The risk for complications is high with radiation therapy to the skull base. When delivering high doses (70 GyRBE) to neurologic structures including the cerebral hemispheres, brainstem, cochlea, and optic nerve structures of the eye, complications are expected. Half of the patients in the cohort experienced a grade 3 complication. The most common were keratitis leading to decreased vision in one eye and brain necrosis. All patients who developed grade 3+ brain necrosis also received concurrent cisplatin during radiation therapy. Although several studies have indicated that the receipt of cytotoxic chemotherapy increases the risk for brain necrosis when delivering stereotactic brain radiosurgery and whole-brain radiation therapy, this is an area that requires further prospective assessment among patients being treated with fractionated radiation therapy for base of skull tumors [17, 18].

Although proton therapy delivers less excess radiation to nearby tissues than photon-based radiation therapy, the risk is still present as gross tumor is often immediately adjacent to or overlaps with critical neurovascular structures. In our experience, pencil beam scanning (PBS) is a more conformal form of proton therapy than passively scattered techniques. Iwata et al [19] have recently shown that when treating head and neck cancer, PBS compared to passively scattered proton therapy improved the conformality index, conformality number, and homogeneity index. On average, PBS also provided lower doses to the brain, eye, optic nerves, and optic chiasm. Because all of our patients were treated with passively scattered proton therapy, our experience may overestimate the risk for complications that might be expected with proton therapy delivered with PBS. The risk for complications with proton therapy will likely be lower as PBS becomes the standard method of proton therapy delivery for this malignancy.
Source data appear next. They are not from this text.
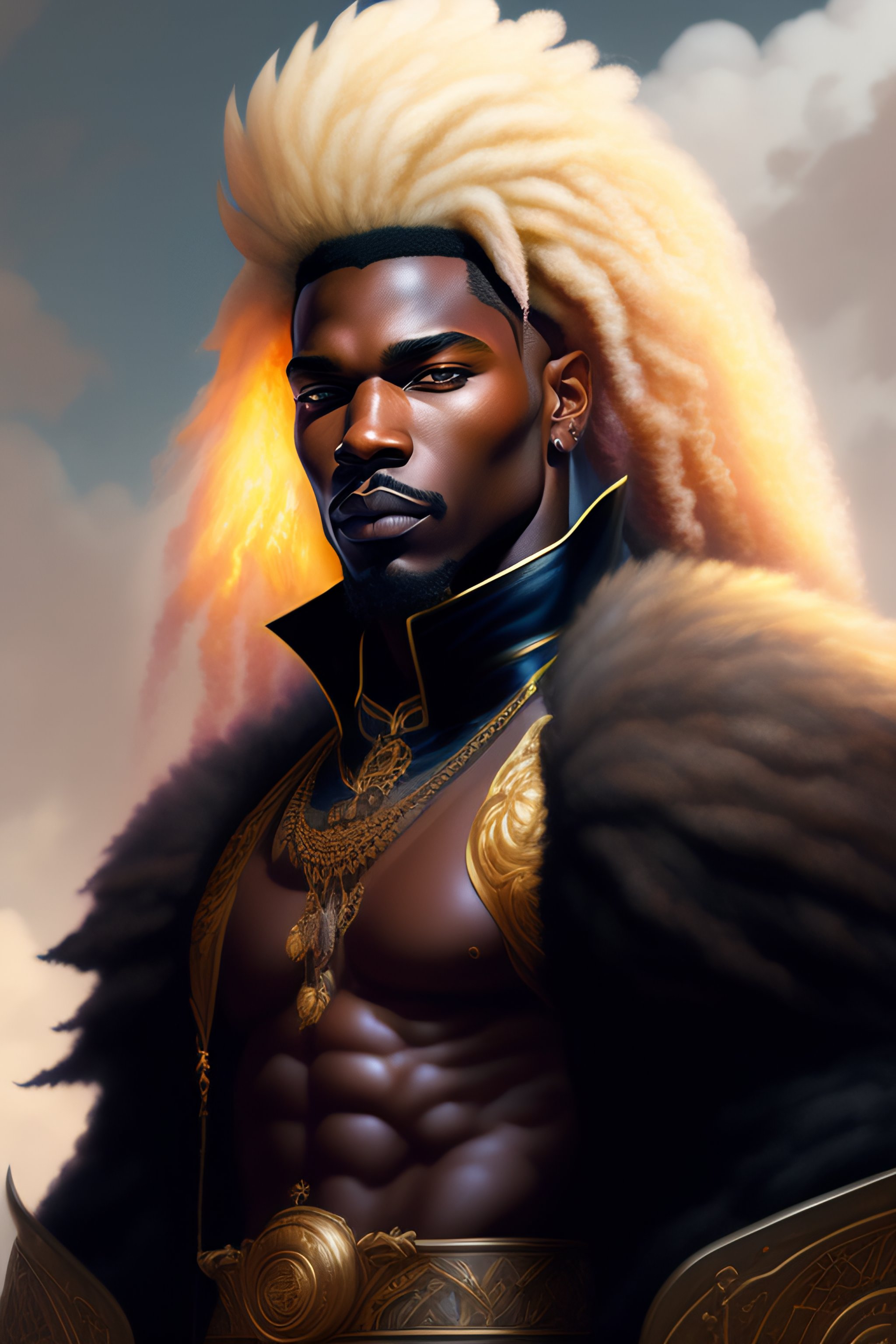 Black man, aesthetic portrait commission of a albino muscular and attractive anthro lion as a greek steampunk god overlord with mane fur turning into industrial revolution smoke in the british clouds, fantasy art, hyperdetailed. character design by charlie bowater, ross tran, artgerm, and makoto shinkai, detailed, inked, western comic book art, 2021 award winning painting
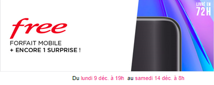 Concernant le smartphone qui pourrait être offert, Free mobile laisse à chaque fois planner le doute avec une photo mise en avant sur le site de Veepee. En Novembre, Free offrait le Xiaomi Mi A3 d'une valeur de 199€ et lors de la dernière opération, le smartphone offert était le Nokia 3.2 d'une valeur de 149€. Cette fois-ci la photo ne nous aide pas beaucoup pour deviner quel sera la surprise donc rendez--vous à 19h ce soir sur le site Veepee.fr .
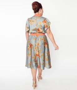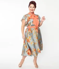 Be the first to review “Unique Vintage Plus Size Antique Blue & Orange Floral Satin Swing Dress” Cancel reply
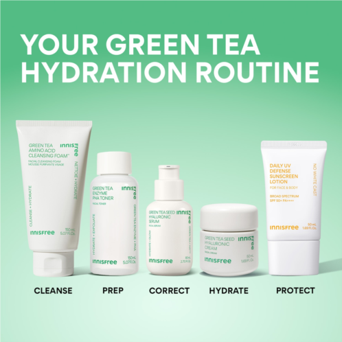 - Green Tea and Five Types of Hyaluronic Acid: Moisturize and intensely hydrate.
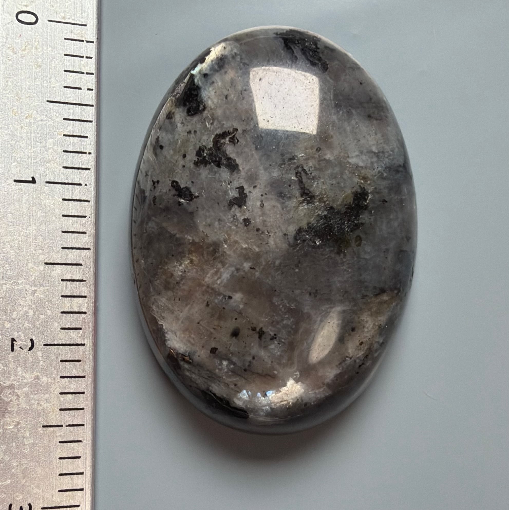 長石類に属する黒っぽい天然石。
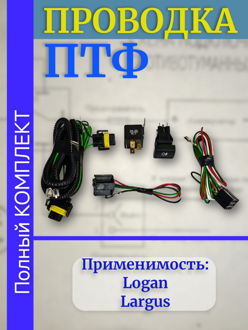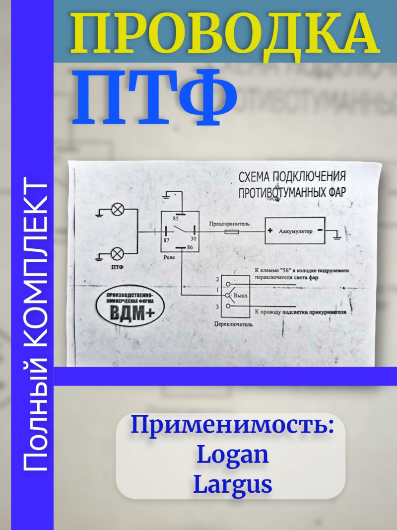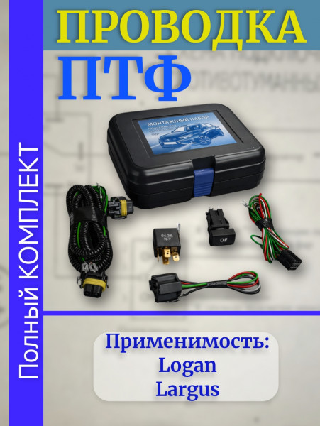 Проводка - провода подключения ПТФ - монтажный набор противотуманных фар ВАЗ LADA Largus, Renault Logan в сборе ВДМ+ oem rs90-3724243
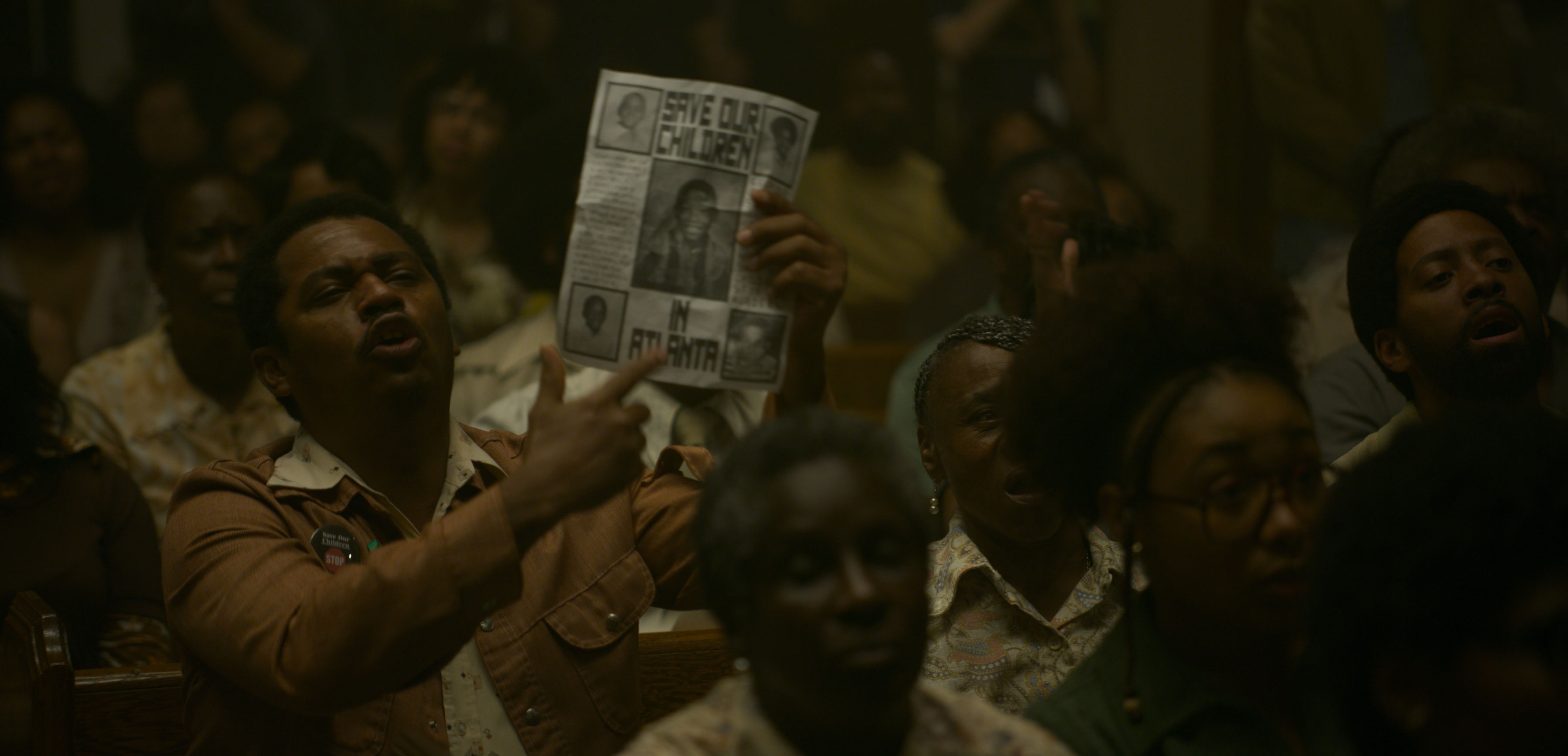 Ford with another character in front of a board loaded with pics of kids who are, based on the cut-off word there, MISSING. Season 2 allegedly deals with the Atlanta Child Murders, and that could be what this scene is referencing.

The limitations of this study include its relatively small size, short follow-up times, and the use of multiple types of radiation therapy. Only 26 patients were included in the analysis, which limits the power to identify factors that may affect survival and disease control outcomes, as a multivariate analysis cannot be performed adequately. Additionally, the median follow-up was only 2.8 years, which limits the potential to accurately report late toxicities. Some late toxicities, such as cranial nerve neuropathies, can occur 3 or more years after radiation therapy to the skull base [20, 21]. Finally, proton therapy was delivered with passively scattered proton therapy. In addition, some patients had elective nodal radiation therapy delivered with 3-dimensional conformal photon- or electron-based radiation therapy. These less conformal techniques and the heterogeneity of the delivery of radiation therapy make it difficult to form valid conclusions about the efficacy and safety of modern-day proton therapy, as technology has improved over time.
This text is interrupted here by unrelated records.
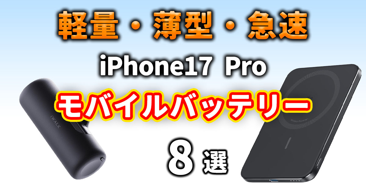iPhone17 Proは性能が上がった一方で、長時間の外出や旅行ではバッテリー消費が早く、「思ったより電池が減る…」と感じる人が増えています。特に写真・動画撮影、5G通信、マップ利用が重なると1日持たないことも。本記事では、iPhone17 Proに相性の良い「軽い・薄い・大容量・高速充電」のモバイルバッテリーだけを厳選し、実用性の高い8モデルを紹介します。持ち運びやすさ、充電速度、デザイン性のバランスを重視して選んでいるため、初めて買う人も買い替えを考えている人もぜひ参考にしてください。
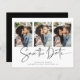 BUDGET Modern Handgeschriebene Save the Date Multiple Foto Card in Schwarz/Weiß in einem eleganten Schriftart, der ein romantisches handgeschriebenes Gefühl hervorruft. Entwickelt um drei Ihrer bevorzugten Foto für zusätzliche Anpassungen zu verwenden. Fügen Sie einfach Ihre Namen und Daten für ein wirklich personalisiertes Design hinzu. **Unser BUDGET-Papier ist kleiner und zarter, aber trotzdem schön!** Wenn Sie Hilfe oder passende Artikel benötigen, kontaktieren Sie uns bitte unter cedarandstring@gmail.com.
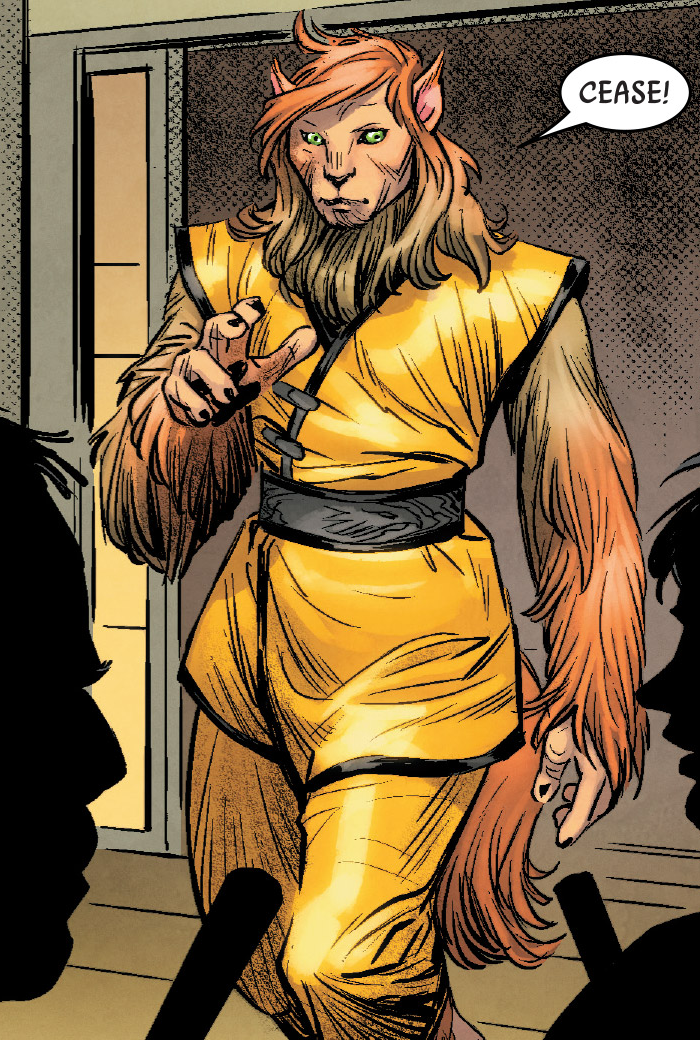 Togorians were a sentient species of large, feline beings with digitigrade feet. Their bodies were covered in short, thick fur that could be brown, white, orange or red with stripes, and their eyes could be yellow or green with a yellow hue. Togorians had retractable claws, and were a proud race. They moved with grace and spoke with a sibilant voice. H'sishi, owner of the Amon Yinchom Dojo, was a female Togorian.[1] The male Jedi Knight Jak'zin, who encountered Count Dooku on Sullust, was a Togorian.[2]
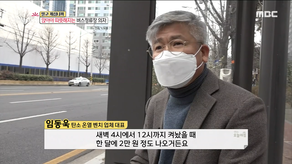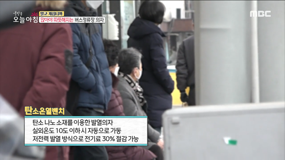앉아야 따뜻해지는 버스정류장의 온열 의자
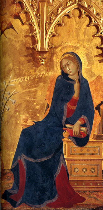 D'après le récit de saint Luc (I, 26-38), le seul des quatre évangélistes qui raconte cette histoire, après avoir marqué son trouble et sa surprise à l'écoute des paroles de l'ange Gabriel (Réjouis-toi, comblée de grâce, le Seigneur est avec toi), la jeune Marie commence par marquer sa surprise. Elle s'interroge. Alors l'ange dit : "Sois sans crainte, Marie; car tu as trouvé grâce auprès de Dieu. Voici que tu concevrais dans ton sein et enfanteras un fils, et tu l'appelleras du nom de Jésus. Il sera grand, et sera appelé Fils du Très-Haut. Le Seigneur Dieu lui donnera le trône de David, son père; il règnera sur la maison de Jacob pour les siècles et son règne n'aura pas de fin". Alors Marie argumente : "Comment cela sera-t-il, puisque je ne connais pas d'homme?". Elle n'est pas naïve, elle est rationnelle, et il faut que Gabriel lui fournisse une sorte de preuve pour qu'elle soit convaincue. "L'Esprit saint viendra sur toi et la puissance du Très-Haut te prendra sous son ombre; c'est pourquoi l'etre saint sera appelé Fils de Dieu. Et voici qu'Elisabeth, ta parente, vient, elle aussi, de concevoir un fils dans sa vieillesse, et elle en est à son sixième mois, elle qu'on appelait la stérile; car rien ne sera impossible à Dieu qui est tout Verbe" C'est seulement sur la base de ce témoignage, qui renvoie à un événement réel et vérifiable par ses propres yeux, qu'elle donne son accord. "Je suis la servante du Seigneur; qu'il m'advienne selon ton Verbe!". --- Dans l'Annonciation de Simone Martini (1333), la Vierge est visiblement méfiante. Les paroles la remplissent de suspiscion, et même le livre qu'elle tient à la main gauche lui échappe. |
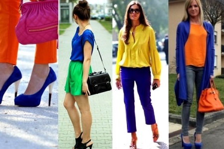 If you combine complementary colors or colors in clothes on the basis of a separate additional scheme, then try to do without bright accessories: such combinations are self-sufficient and do not require catchy additions.
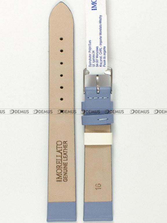 Proponujemy Państwu markowy pasek do zegarka Morellato A01X5126875066CR16, który został wykonany z naturalnej skóry. Pasek jest koloru niebieskego. Długość paska wynosi 17 cm liczona od klamerki do ostatniego otworu. Istotnym parametrem każdego paska jest jego szerokość, która w przypadku tego modelu wynosi 16 mm (14 mm przy klamerce).Parametry techniczne
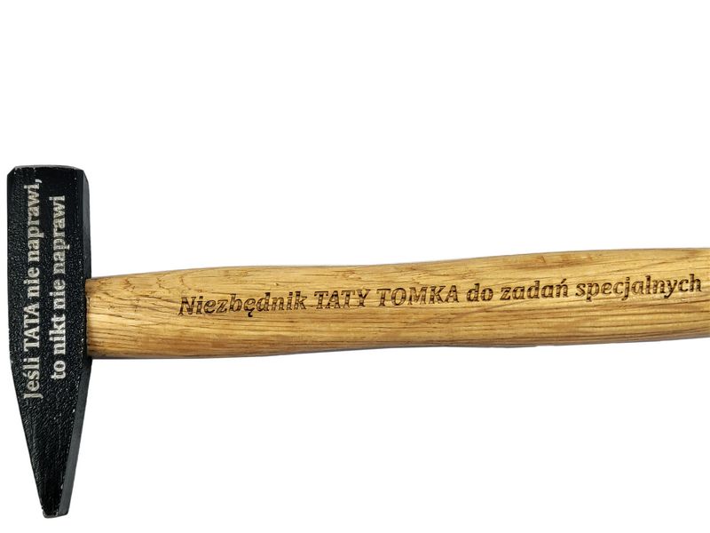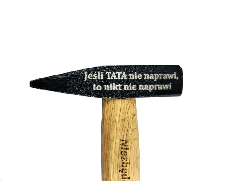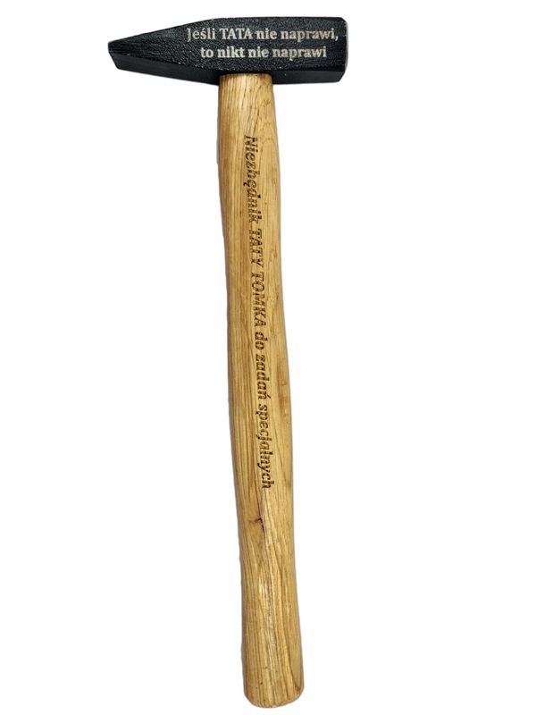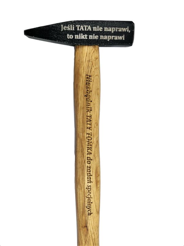 Upominek dla Taty w postaci standardowego młotka ślusarskiego z grawerem dedykacji.

Proton therapy has a role in the management of patients with NMSC with clinical PNI of the head and neck. It effectively delivers either definitive or postoperative irradiation with or without concurrent systemic therapy. The risk for regional recurrence is high following treatment, especially for cranial nerves that are contiguous with the primary nerve involved with the tumor. We recommend delivering elective radiation therapy to contiguous nerves and nerves that innervate or supply sensation to the skin involved with the primary tumor. The risk for complications following radiation therapy is high, particularly for the ipsilateral eye, cochlea, and nearby brain structures, which often receive radiation doses in excess of their tolerance. Delivering proton therapy with PBS may lower the risk of complications in future patients. Because of the potential for long-term disease control with radiation therapy, we recommend counseling patients about the risks before delivering radiation therapy, and exceeding goals when necessary to provide a curative dose to gross disease within the skull base and intracranial structures.

Conflicts of Interest: William M. Mendenhall, MD, is Operating Editor of the International Journal of Particle Therapy. The authors have no additional conflicts of interest to disclose.

Funding: The authors have no funding to disclose.

Ethical Approval: All patient data have been collected under internal review board (IRB)–approved protocol.